▶ EXERCISE DESCRIPTION
Copy nothing past the line containing "(袖口)32 (袖幅)18.6 |". Transcribe every line of the listing below up to and including it, from the first, except pictures.

▶ DATASET EXCERPT
-*-

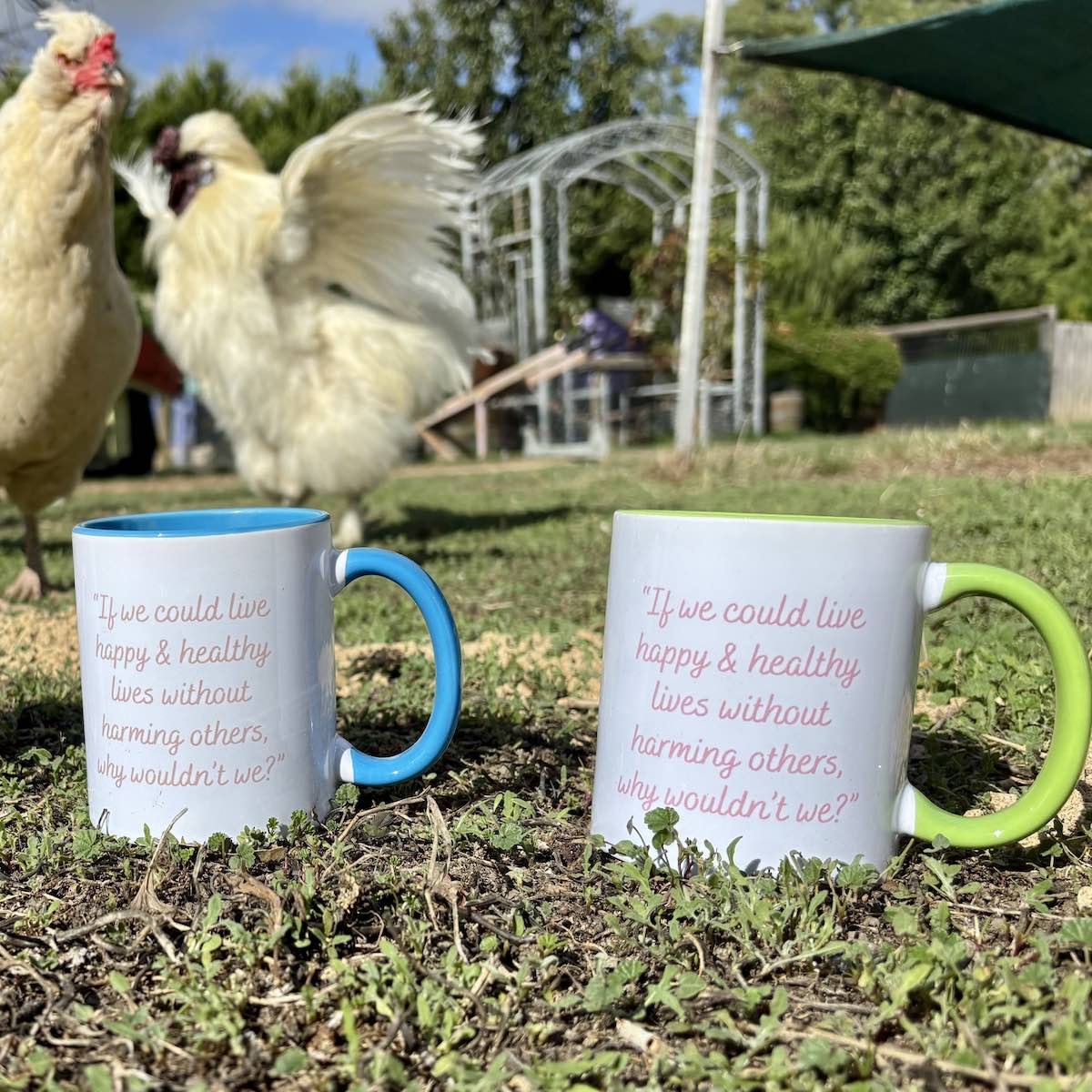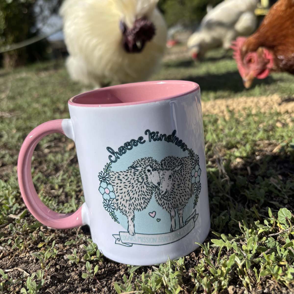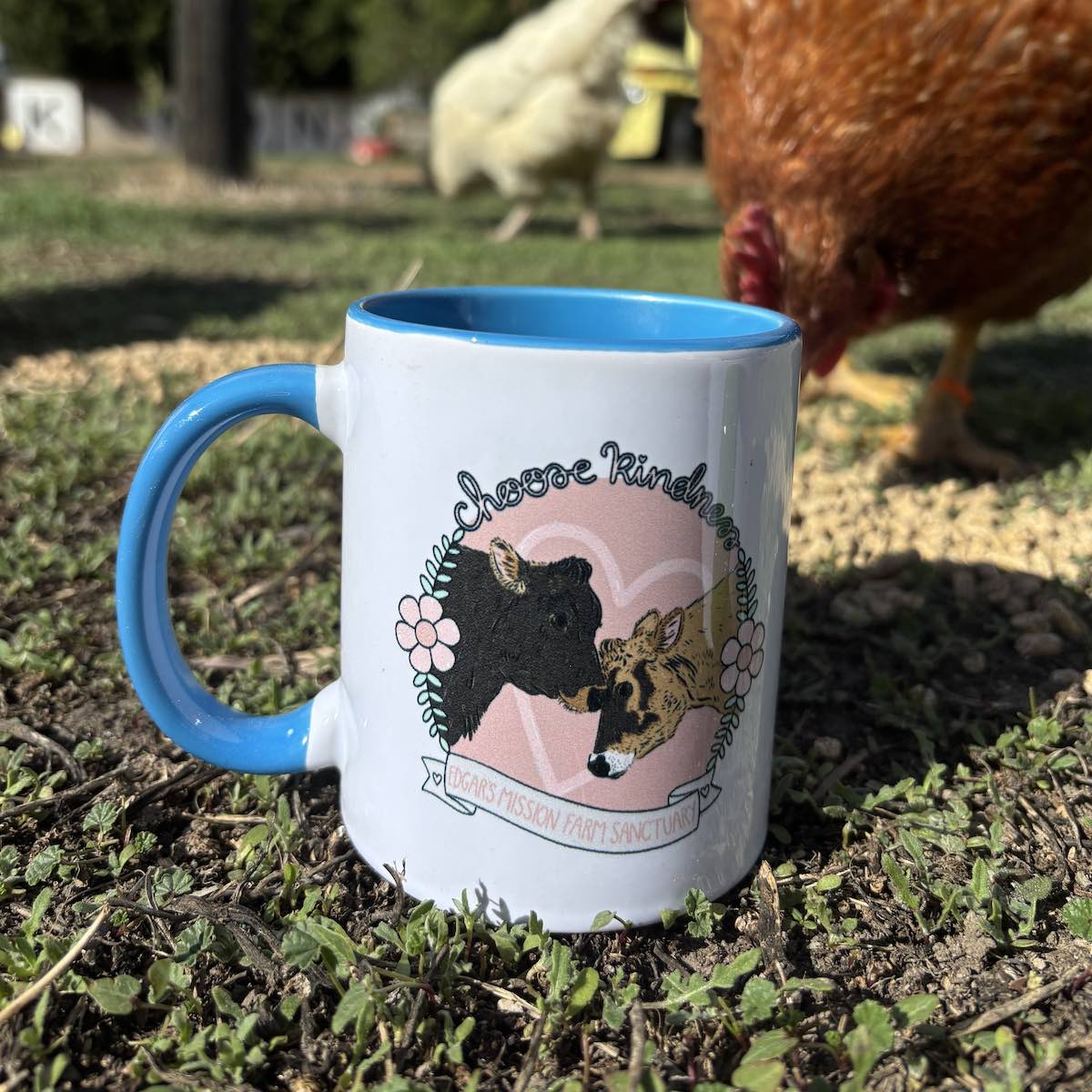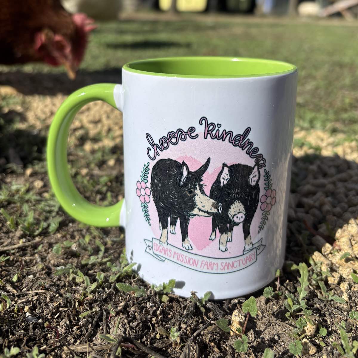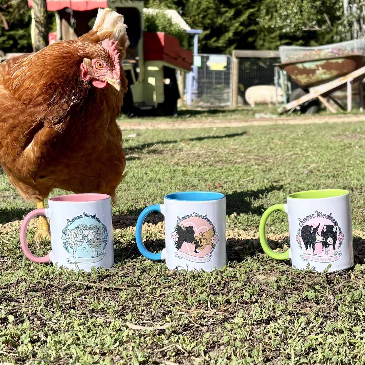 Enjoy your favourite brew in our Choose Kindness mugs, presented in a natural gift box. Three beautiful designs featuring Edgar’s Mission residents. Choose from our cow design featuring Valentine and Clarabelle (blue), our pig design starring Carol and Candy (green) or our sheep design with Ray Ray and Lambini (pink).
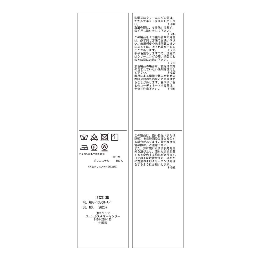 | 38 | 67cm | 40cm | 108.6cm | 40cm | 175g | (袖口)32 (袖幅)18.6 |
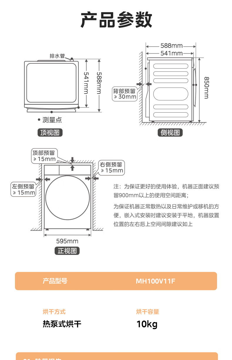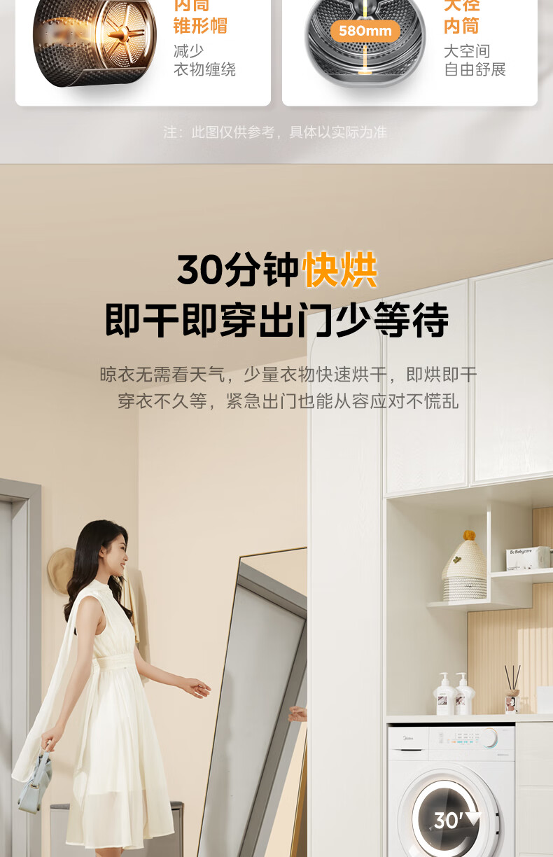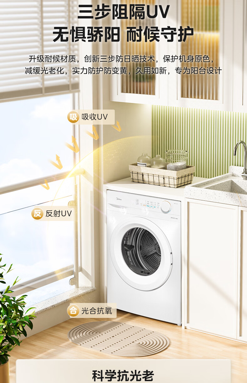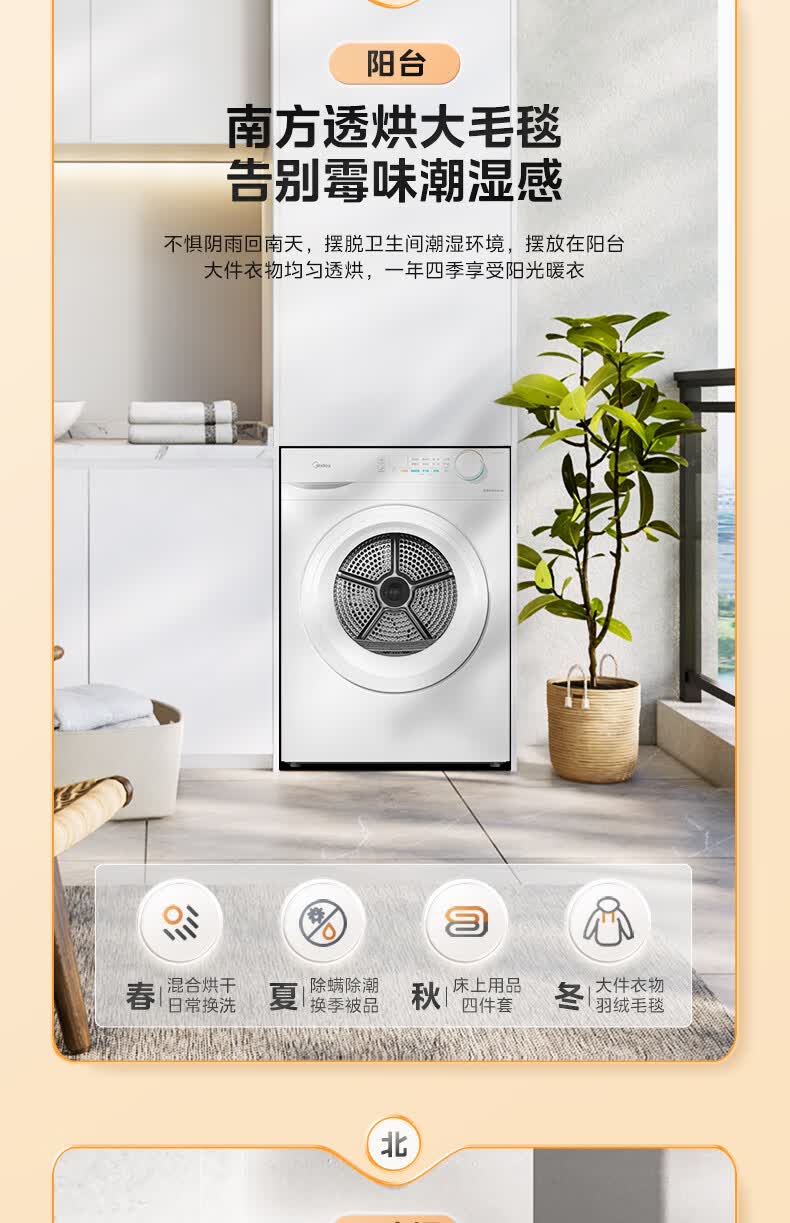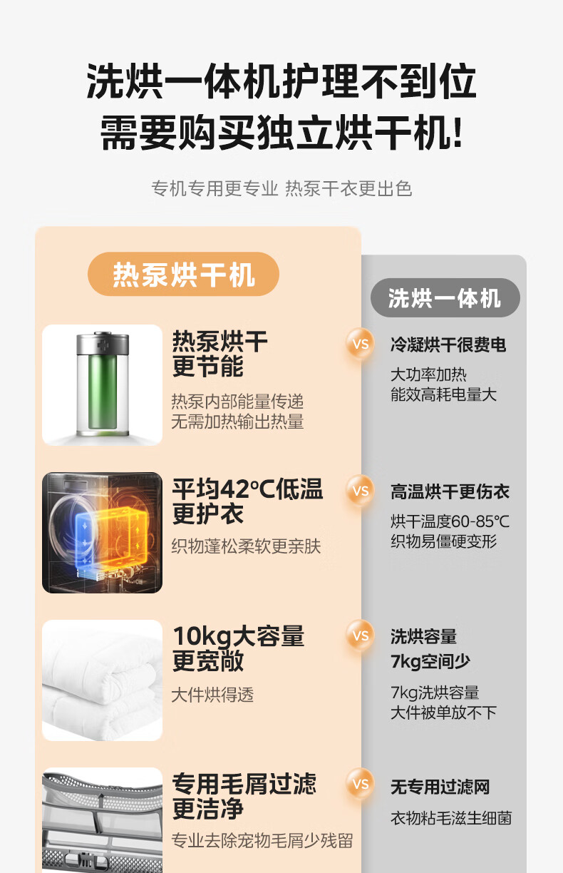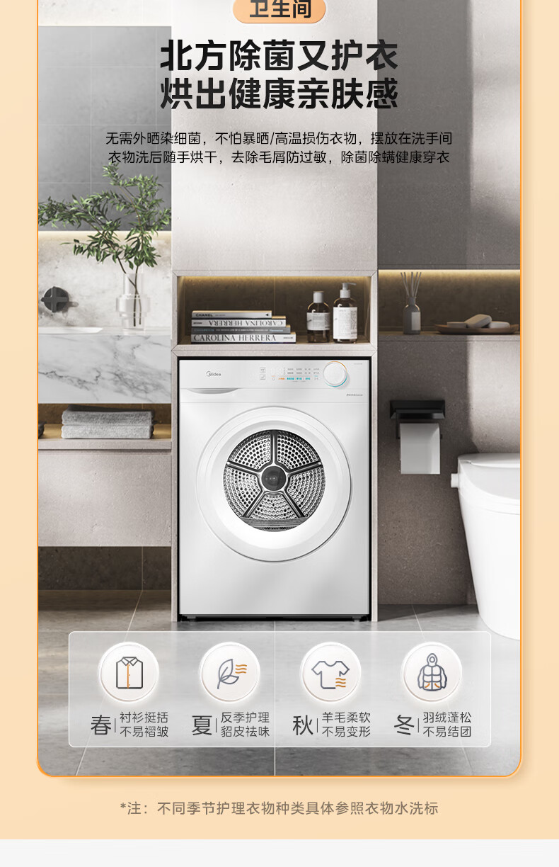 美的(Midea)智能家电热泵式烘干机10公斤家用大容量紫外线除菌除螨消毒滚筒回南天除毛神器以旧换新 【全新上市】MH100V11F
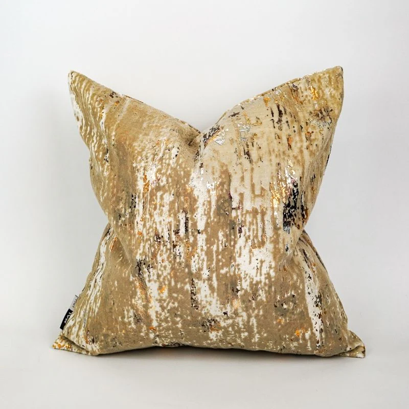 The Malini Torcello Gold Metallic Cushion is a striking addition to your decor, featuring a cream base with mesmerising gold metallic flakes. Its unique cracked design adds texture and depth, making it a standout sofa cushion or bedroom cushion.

-*-

▶ REPLY TO THE EXERCISE
 Enjoy your favourite brew in our Choose Kindness mugs, presented in a natural gift box. Three beautiful designs featuring Edgar’s Mission residents. Choose from our cow design featuring Valentine and Clarabelle (blue), our pig design starring Carol and Candy (green) or our sheep design with Ray Ray and Lambini (pink).
 | 38 | 67cm | 40cm | 108.6cm | 40cm | 175g | (袖口)32 (袖幅)18.6 |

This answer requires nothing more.